# How to: handle capacity constraints for different commodities measured in different units

I have been working on a vehicle routing problem in which the truck transports several commodities, but these are measured in different units. Hence, we know the capacity of the truck for each of these commodities alone, but we don’t know how to convert them into one another so that we can load two commodities and still respect the capacity.

For the sake of this explanation, consider the following example. We have a basket that can hold 2 watermelons or 10 oranges. Let $w$ be the number of watermelons in the basket, $o$ be the number of oranges, and $W=2$ and $O = 10$ be the respective capacities.

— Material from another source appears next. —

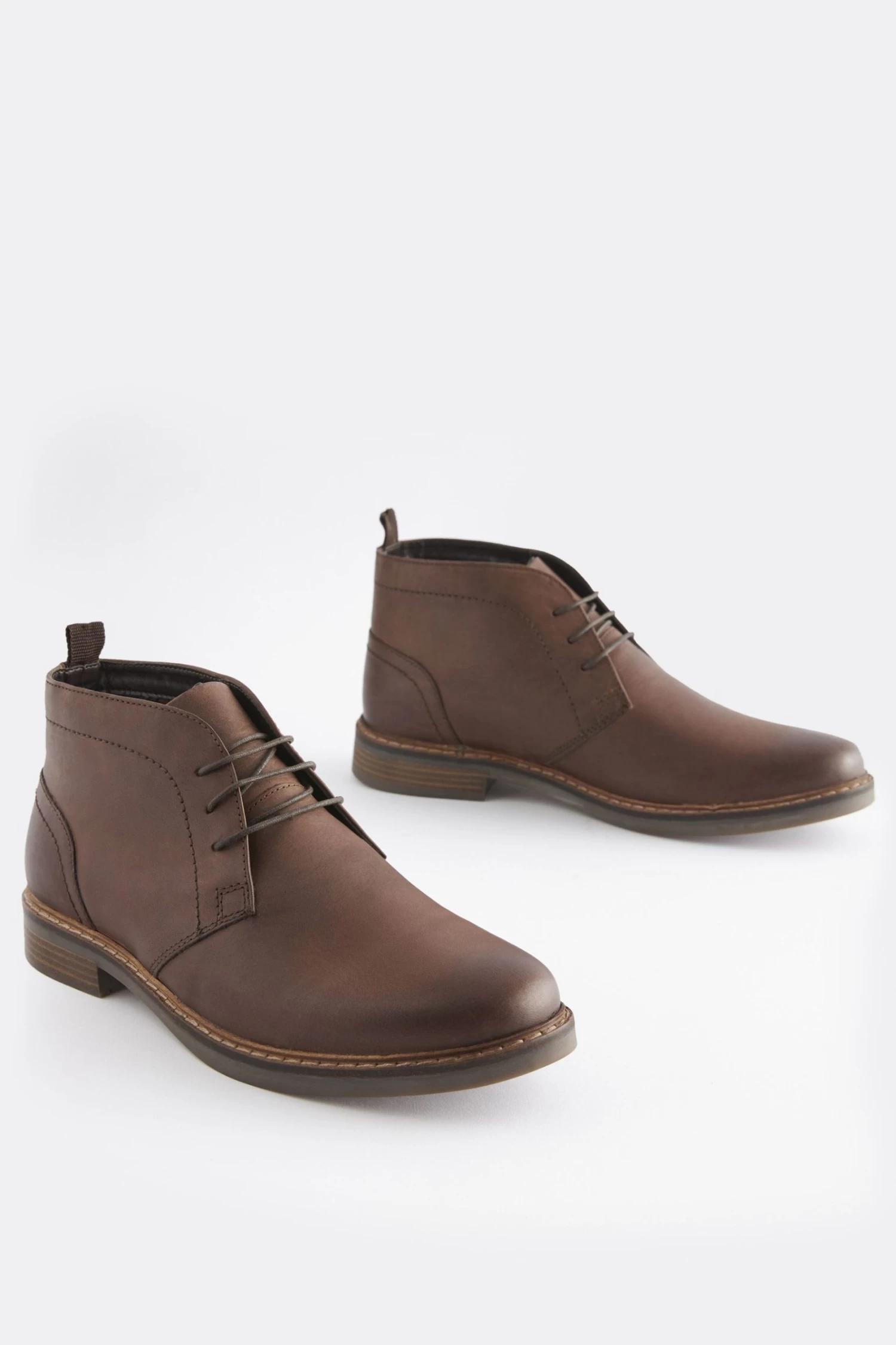 Leather upper Chukka boots Lace-up Regular fit Waxy finish Chunky contrast crepe soles Ortholite foam insole for all day comfort
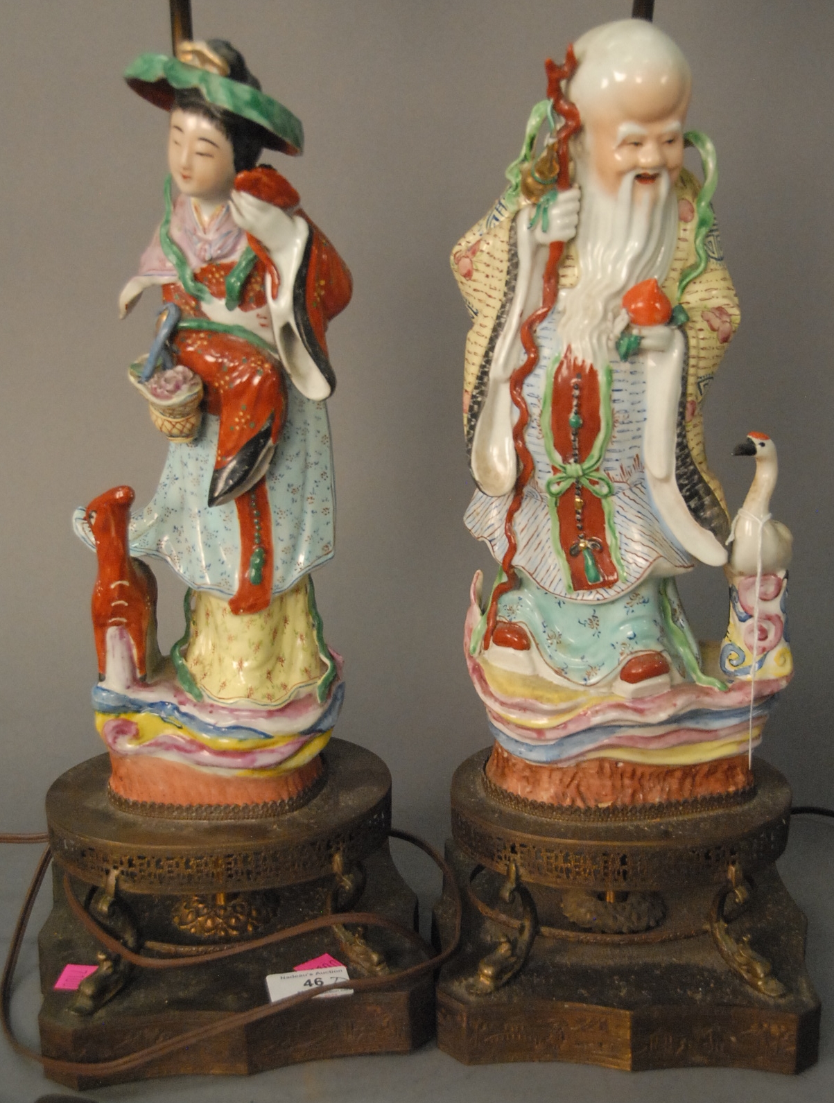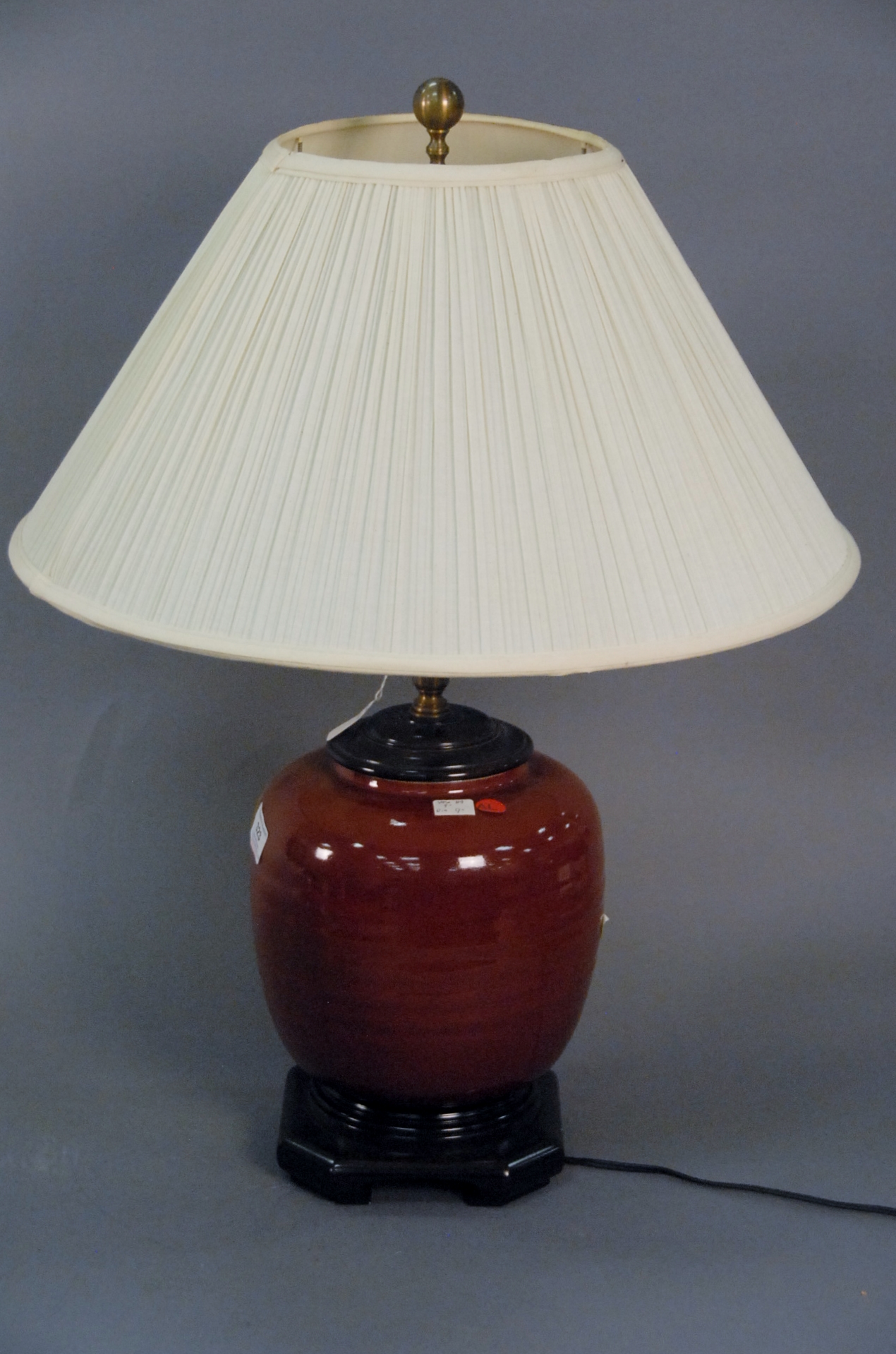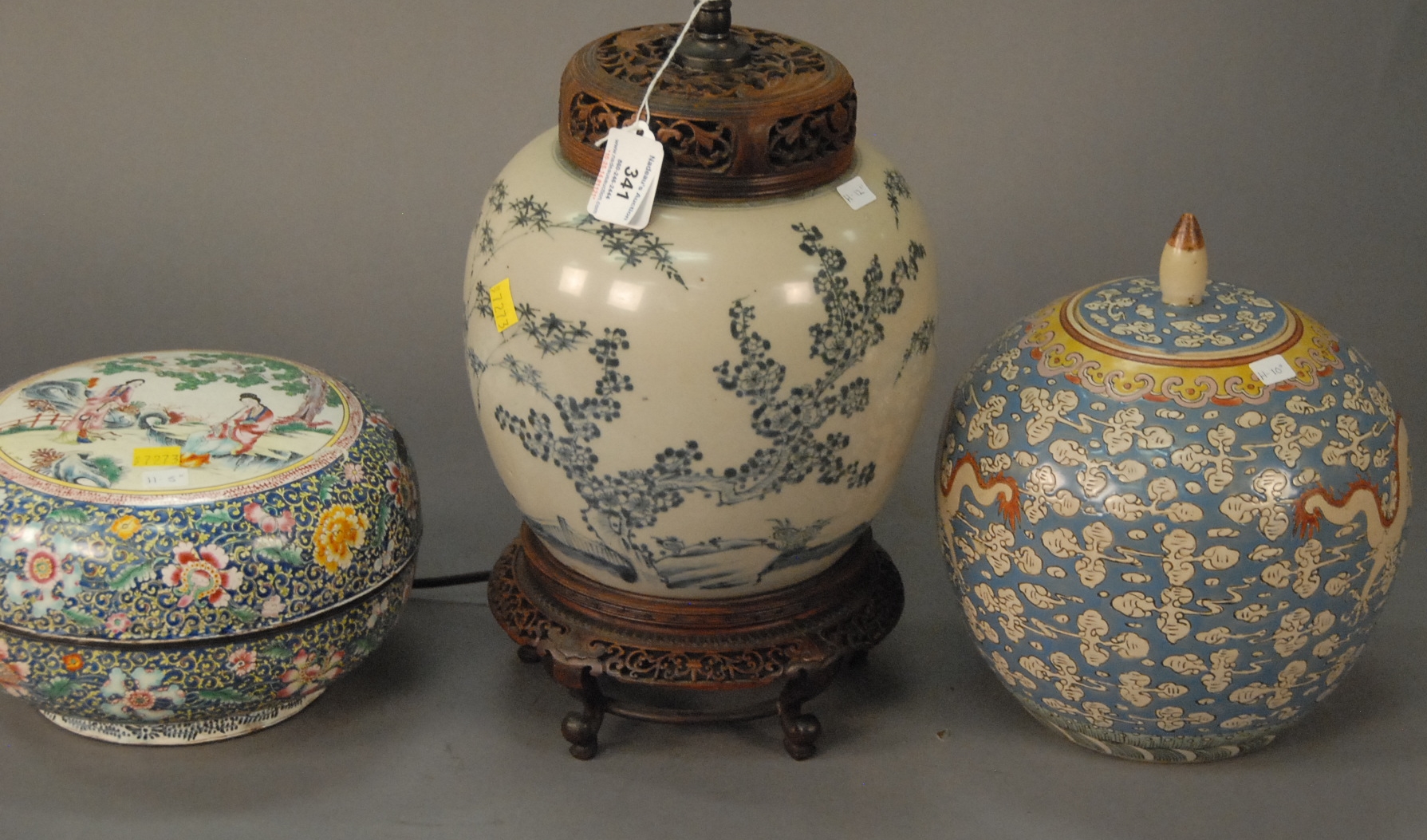 Group of three Chinese jars to include blue and white ginger jar made into a table lamp with carved footed base and reticulated cover, a five claw dragon jar with cover, and an enameled Guanyin covered box with scrolling flower design. box: ht. 5 in. lamp: ht. 12 in. jar: ht. 10 in.

It is easy to observe that 1 watermelon is equivalent to 5 oranges, and if there is 1 watermelon in the basket, you could still add up to 5 oranges. In math terms, that is: $w + \frac{o}{5} \leq 2$

or yet $5w + o \leq 10$.

Generalizing this idea, let $q_i$ and $Q_i$ be the number and the capacity of commodity $i$. The combined capacity constraint becomes: $Q_j \left[ \sum\limits_i \frac{q_i}{Q_i}\right] \leq Q_j$ for a given $j$.

Observe how the LHS converts all use of the resource into $j$ terms, and the RHS considers the capacity for commodity $j$.

Note that the LHS will likely contain fractional numbers, which can cause numerical instabilities when solving the resulting MIP. This will definitely happen if you simplify the $Q_j$ terms in the LHS and RHS. However, to decrease this probability and if the capacities are multiples of a given number, you can avoid these fractions by using the largest $Q_j$: $max_j Q_j \left[ \sum\limits_i \frac{q_i}{Q_i}\right] \leq max_j Q_j$.

Thanks Gafa!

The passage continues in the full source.